Splinter smiles contentedly and flicks on the news as Mikey is just bringing back the lemonade. Splinter closes his eyes as he takes a sip. "Aaahhhh…refreshing. Thank you my sons."

The turtles just all leave the room, shaking their heads.

* * *

_**In the living room…**_

Mikey has a stack of pizzas in front of him and he's eating them as if they were cookies. Leo stretches back out on the couch and, after a few minutes, he appears to have zoned out. Donny catches this and waves his hand in front of Leo's face, saying, "Hey, Leo! Leoooo! You awake, man?"

Leo jumps a little and replies nervously, "I was, uh…just deep in thought, that's all."

The other three turtles glance at each other and burst out in a fit of laughter.

"What's so funny, you guys?"

"Oh come ON Leo—we're not dumb!" Donny remarks.

Mikey gupls down yet another pizza and adds, "Like, DUH, dude—we know you're thinking about that Karai chick!

Leo blushes momentarily as the other turtles laugh amongst themselves.

Leo stammers, "Uh…th-that's not TRUE, guys! She's EVIL and must be stopped!"
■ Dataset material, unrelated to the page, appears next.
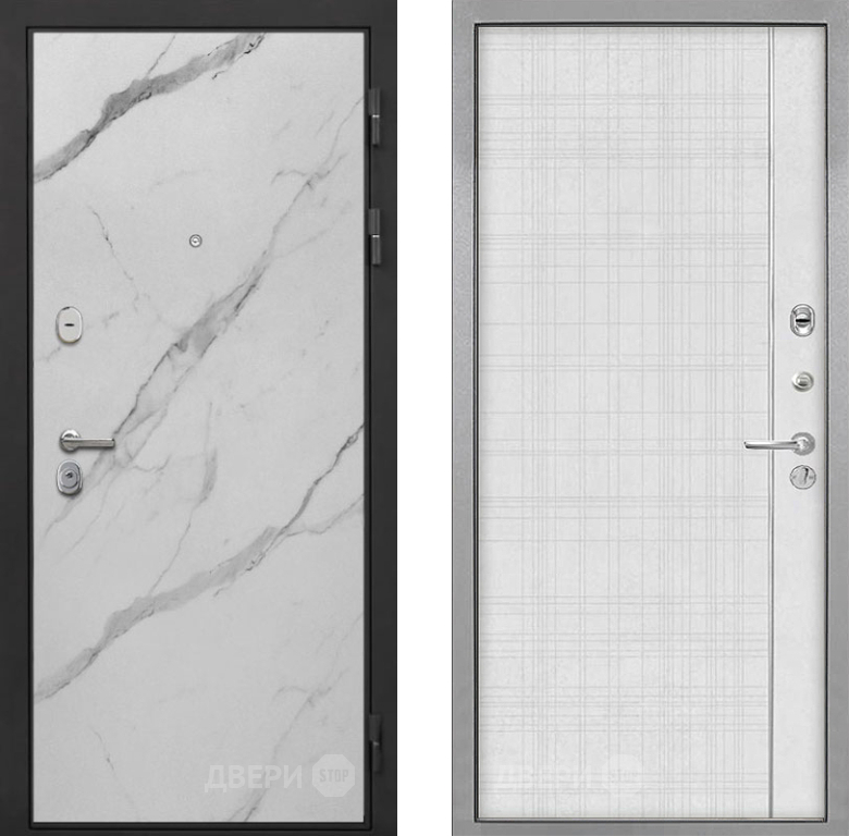 Входная Дверь Интекрон (INTECRON) Гектор Мрамор Арктик В-07 с молдингом Лофт белый 860x2050 мм

Raph says, "Please guy—you know as well as WE do that you still haven't gotten over that—ahem—wardrobe malfunction she had the last time you two were in battle!"

Leo closes his eyes from embarrassment momentarily. He says, "Well…FINE then, yes I WAS thinking about that! I mean, when I accidentally tore her shirt open…and I saw…nirvana! Mikey, Don, Raph-when I saw her perky bazooms along with those perfectly pierced nipples, I just couldn't take my eyes off of them!
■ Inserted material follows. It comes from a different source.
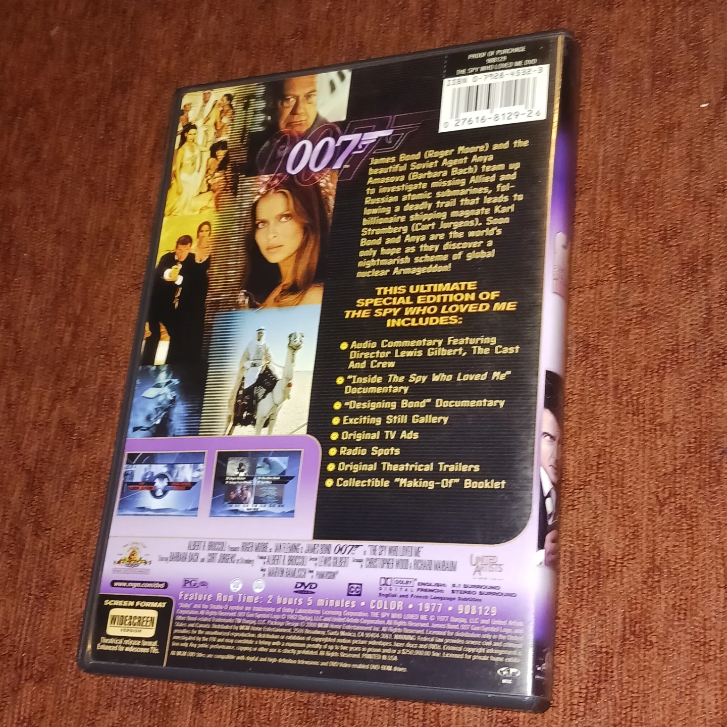 Selling The Spy Who Loved Me Special 007 Edition DVD. This ultimate special edition includes audio commentary, documentaries, still gallery, TV ads, radio spots, original theatrical trailers, and a collectible booklet. Feature run time: 2 hours 5 minutes

Raph answers, "Yeah, you shoulda' SEEN yourself, man! Your eyes looked as though they were going to roll out of your head, Hehehehe!"

Leo sighs and answers, "Yeah…well that's when she roundhoused my ass and sent me and my blades in opposite directions—and that's the ONLY reason I lost that fight! And I need a rematch!"

Mikey picks up a slice of pizza and hands it to Leo. Leo sniffs it and pushes it back in disgust.

"Hey, what's wrong, dude? Pizza with ice cream and chocolate sprinkles ALWAYS cheers ME up!"

Leo sighs and says, "Guys, I don't know—I need a girlfriend. I'll be ok.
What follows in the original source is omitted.